• **What needs to be done**:
All of the data below is to be repeated exactly, except for the pictures.

• **Data below**:
*** Begin section ***

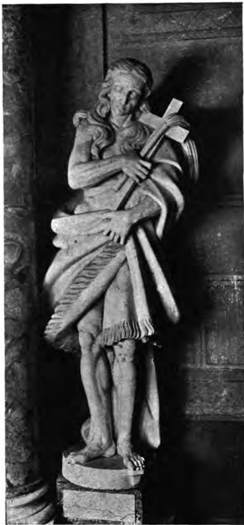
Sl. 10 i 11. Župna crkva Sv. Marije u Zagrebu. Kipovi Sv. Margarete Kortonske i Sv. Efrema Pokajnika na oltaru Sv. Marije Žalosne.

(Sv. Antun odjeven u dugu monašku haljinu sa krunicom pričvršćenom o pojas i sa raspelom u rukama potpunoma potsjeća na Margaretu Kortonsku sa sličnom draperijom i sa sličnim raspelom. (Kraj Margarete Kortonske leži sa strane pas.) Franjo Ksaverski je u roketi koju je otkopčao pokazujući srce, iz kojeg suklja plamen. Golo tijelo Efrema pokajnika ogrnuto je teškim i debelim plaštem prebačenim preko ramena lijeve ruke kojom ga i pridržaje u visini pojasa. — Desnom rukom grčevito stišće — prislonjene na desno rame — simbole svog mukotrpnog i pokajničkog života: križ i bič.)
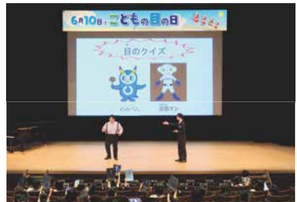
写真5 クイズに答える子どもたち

*** End section ***

• **Response area**:
Sl. 10 i 11. Župna crkva Sv. Marije u Zagrebu. Kipovi Sv. Margarete Kortonske i Sv. Efrema Pokajnika na oltaru Sv. Marije Žalosne.

(Sv. Antun odjeven u dugu monašku haljinu sa krunicom pričvršćenom o pojas i sa raspelom u rukama potpunoma potsjeća na Margaretu Kortonsku sa sličnom draperijom i sa sličnim raspelom. (Kraj Margarete Kortonske leži sa strane pas.) Franjo Ksaverski je u roketi koju je otkopčao pokazujući srce, iz kojeg suklja plamen. Golo tijelo Efrema pokajnika ogrnuto je teškim i debelim plaštem prebačenim preko ramena lijeve ruke kojom ga i pridržaje u visini pojasa. — Desnom rukom grčevito stišće — prislonjene na desno rame — simbole svog mukotrpnog i pokajničkog života: križ i bič.)
写真5 クイズに答える子どもたち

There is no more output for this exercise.